| About this exercise |
Restate all entries exactly. Skip the images.

| Working data |
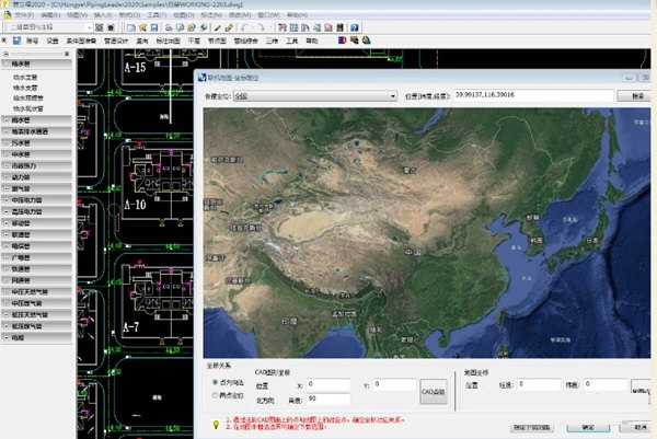 管线采用二三维一体化的设计方式,平面视图管线表现为二维方式,转换视角,管线表现为三维方式,可以直观查看管线与周围地形、地物、建构筑物的关系。
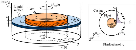 Denoting the angular velocities of the float and the casing as ωf(t) and ωc(t), respectively, the fluid velocity at the bottom surface of float vf and that at the bottom surface of casing vc can be expressed as vf = rωf(t) and vc = rωc(t), respectively. The shear stress dτ to be applied to the area element dS can therefore be expressed as follows:
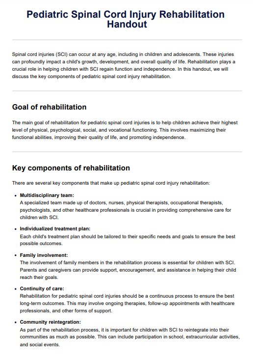 Download Carepatron's free PDF handout on pediatric spinal cord injury rehabilitation featuring valuable information for your patients.
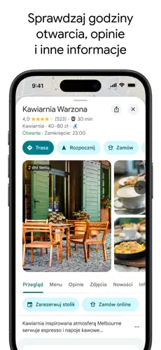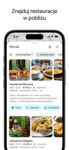 Odkrywaj świat i podróżuj bezpiecznie dzięki aplikacji Mapy Google. Znajdź najlepsze trasy piesze, rowerowe, samochodowe i komunikacji miejskiej z aktualnymi informacjami o ruchu drogowym i precyzyjną lokalizacją GPS. Odkrywaj ponad 250 milionów firm i miejsc — od restauracji, sklepów po usługi codzienne — wraz ze zdjęciami, opiniami i szczegółowymi informacjami.
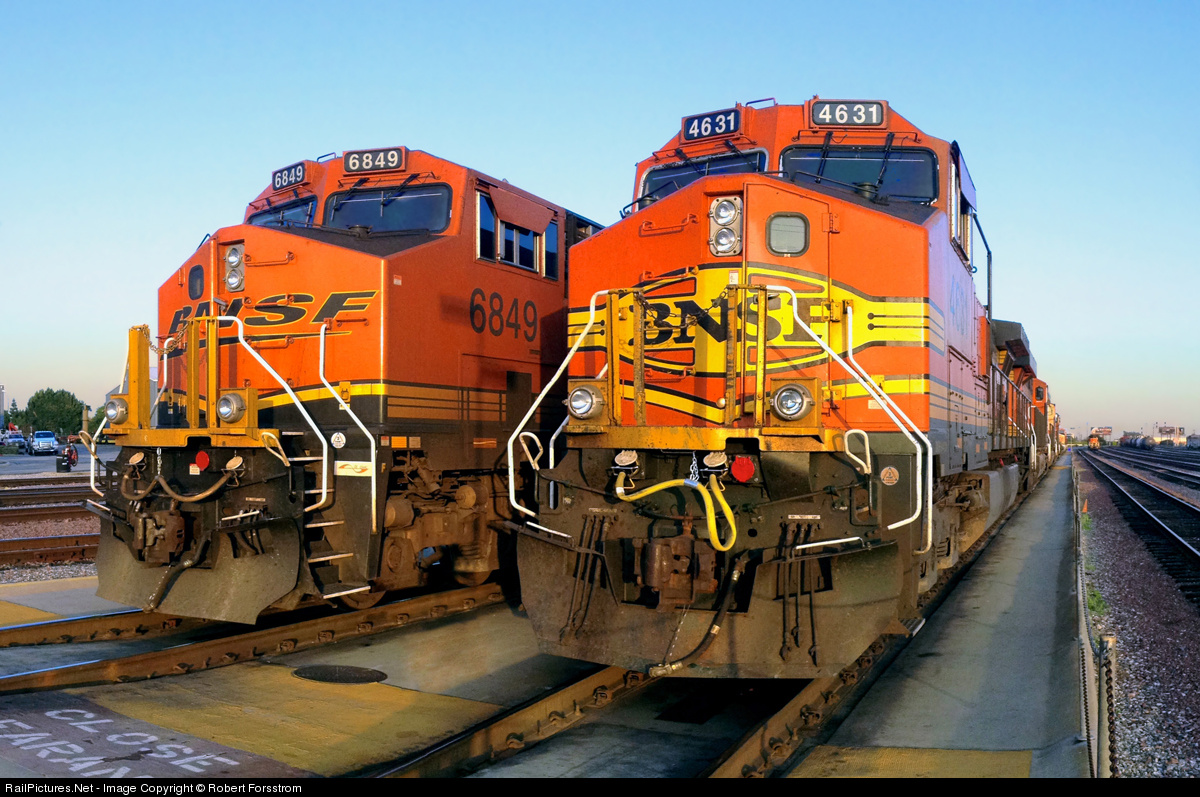 BNSF ES44C4 6848, and C44-9W 4631, are soaking up the last rays of Monday's sunshine. BNSF road power at Commerce Diesel Service (in the City of Commerce, CA), ready to pull eastbound stack trains out of Hobart Yard just a couple miles away down the lead.
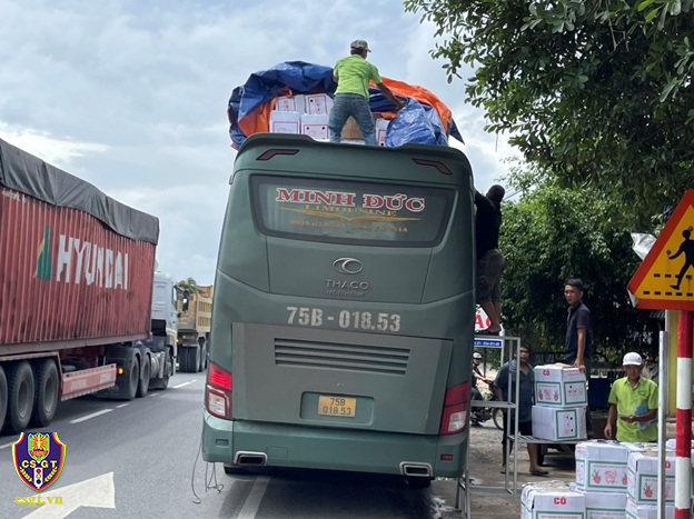 Điển hình, ngày 28/7 tại km 1769 Quốc lộ 1A thuộc địa bàn huyện Hàm Tân, Bình Thuận, tổ công tác của Tổ công tác của Trạm CSGT Hàm Tân thuộc Phòng CSGT Công an tỉnh Bình Thuận đã phát hiện và lập biên bản đối với lái xe về hành vi "Điều khiển xe ô tô ô tô khách biển số 76F- 001.95 chở hàng vượt quá kích thước bao ngoài của xe" và lập biên bản với chủ phương tiện với hành vi " Để phương tiện cho người làm công điều khiển xe thực hiện hành vi vi phạm chở hàng vượt quá kích thước bao ngoài của xe".
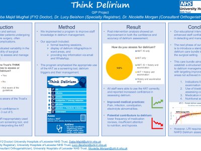 Introduction: Delirium is a common and serious complication in frail older patients undergoing emergency hip fracture surgery, often resulting in prolonged hospital stays, increased morbidity, and a greater risk of long-term cognitive decline. Recognizing and managing delirium effectively is critical in improving patient outcomes. However, initial assessments indicated variability in the confidence and capability of surgical postgraduate doctors to assess and manage delirium appropriately. A baseline survey revealed that 50% of staff were not familiar with hospital delirium guidelines, and 62%
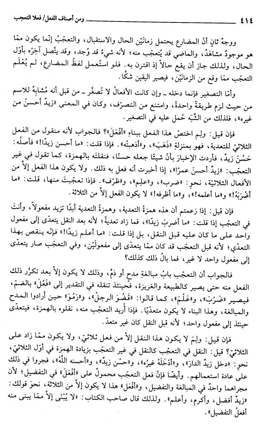 ووجة ثانٍ أن المضارع يحتمل زمانَيْن الحال والاستقبال، والتعجّبُ إنما يكون ممّا هو موجودٌ مشاهَدٌ، والماضي قد يُتعجّب منه؛ لأنه شيءٌ قد وُجد، وقد يتَّصل آخِرُه بأوّل الحال، ولذلك جاز أن يقع حالًا إذ اقترن به. فلو استُعمل لفظُ المضارع، لم يُعْلَم التعجّب ممّا وقع من الزمانَيْن، فيصير اليقين شكًّا.
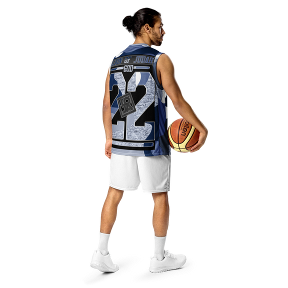 Lion Of Judah God Design Recycled unisex Blue White & Grey Camouflage Design basketball jersey
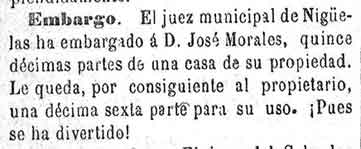 17 de febrero de 1883. Curioso embargo en Nigüelas
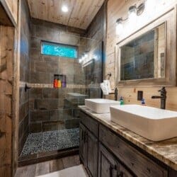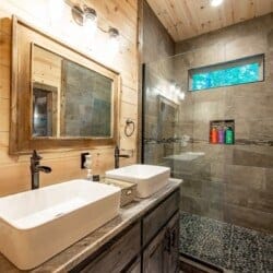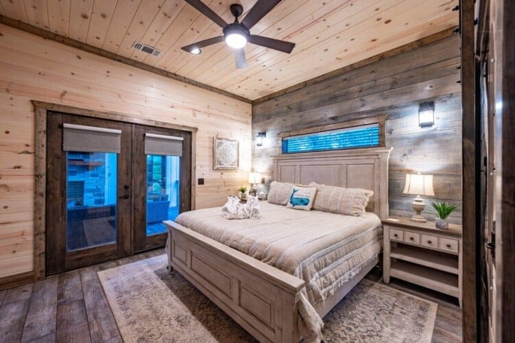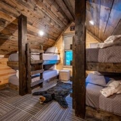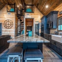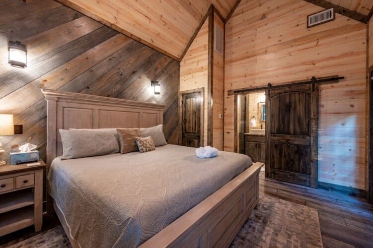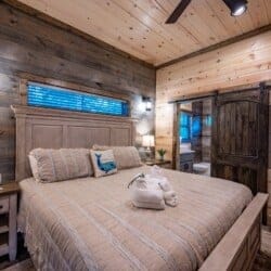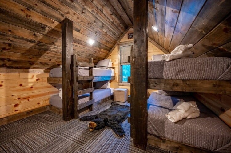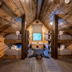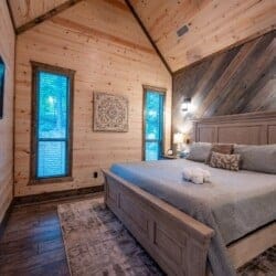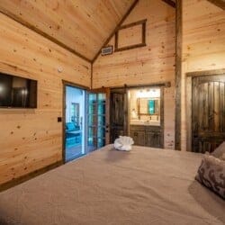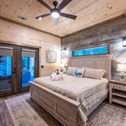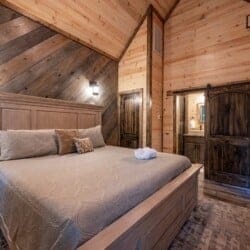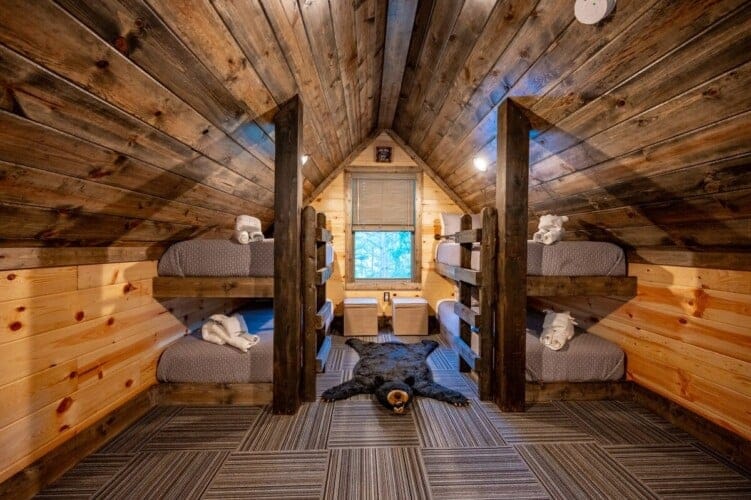 On the same side of Toasted Marshmallow, you’ll find one of the king bedrooms, complete with a private ensuite and easy access to the breezeway. Upstairs, the loft bunk room becomes a favorite for kids, offering two sets of twin-over-twin bunks, their own hangout space, and access to a nearby bathroom with a walk-in shower. It’s the perfect setup for younger guests who want a little independence while still being close to the main living area.

| Result for this exercise |
 管线采用二三维一体化的设计方式,平面视图管线表现为二维方式,转换视角,管线表现为三维方式,可以直观查看管线与周围地形、地物、建构筑物的关系。
 Denoting the angular velocities of the float and the casing as ωf(t) and ωc(t), respectively, the fluid velocity at the bottom surface of float vf and that at the bottom surface of casing vc can be expressed as vf = rωf(t) and vc = rωc(t), respectively. The shear stress dτ to be applied to the area element dS can therefore be expressed as follows:
 Download Carepatron's free PDF handout on pediatric spinal cord injury rehabilitation featuring valuable information for your patients.
 Odkrywaj świat i podróżuj bezpiecznie dzięki aplikacji Mapy Google. Znajdź najlepsze trasy piesze, rowerowe, samochodowe i komunikacji miejskiej z aktualnymi informacjami o ruchu drogowym i precyzyjną lokalizacją GPS. Odkrywaj ponad 250 milionów firm i miejsc — od restauracji, sklepów po usługi codzienne — wraz ze zdjęciami, opiniami i szczegółowymi informacjami.
 BNSF ES44C4 6848, and C44-9W 4631, are soaking up the last rays of Monday's sunshine. BNSF road power at Commerce Diesel Service (in the City of Commerce, CA), ready to pull eastbound stack trains out of Hobart Yard just a couple miles away down the lead.
 Điển hình, ngày 28/7 tại km 1769 Quốc lộ 1A thuộc địa bàn huyện Hàm Tân, Bình Thuận, tổ công tác của Tổ công tác của Trạm CSGT Hàm Tân thuộc Phòng CSGT Công an tỉnh Bình Thuận đã phát hiện và lập biên bản đối với lái xe về hành vi "Điều khiển xe ô tô ô tô khách biển số 76F- 001.95 chở hàng vượt quá kích thước bao ngoài của xe" và lập biên bản với chủ phương tiện với hành vi " Để phương tiện cho người làm công điều khiển xe thực hiện hành vi vi phạm chở hàng vượt quá kích thước bao ngoài của xe".
 Introduction: Delirium is a common and serious complication in frail older patients undergoing emergency hip fracture surgery, often resulting in prolonged hospital stays, increased morbidity, and a greater risk of long-term cognitive decline. Recognizing and managing delirium effectively is critical in improving patient outcomes. However, initial assessments indicated variability in the confidence and capability of surgical postgraduate doctors to assess and manage delirium appropriately. A baseline survey revealed that 50% of staff were not familiar with hospital delirium guidelines, and 62%
 ووجة ثانٍ أن المضارع يحتمل زمانَيْن الحال والاستقبال، والتعجّبُ إنما يكون ممّا هو موجودٌ مشاهَدٌ، والماضي قد يُتعجّب منه؛ لأنه شيءٌ قد وُجد، وقد يتَّصل آخِرُه بأوّل الحال، ولذلك جاز أن يقع حالًا إذ اقترن به. فلو استُعمل لفظُ المضارع، لم يُعْلَم التعجّب ممّا وقع من الزمانَيْن، فيصير اليقين شكًّا.
 Lion Of Judah God Design Recycled unisex Blue White & Grey Camouflage Design basketball jersey
 17 de febrero de 1883. Curioso embargo en Nigüelas
 On the same side of Toasted Marshmallow, you’ll find one of the king bedrooms, complete with a private ensuite and easy access to the breezeway. Upstairs, the loft bunk room becomes a favorite for kids, offering two sets of twin-over-twin bunks, their own hangout space, and access to a nearby bathroom with a walk-in shower. It’s the perfect setup for younger guests who want a little independence while still being close to the main living area.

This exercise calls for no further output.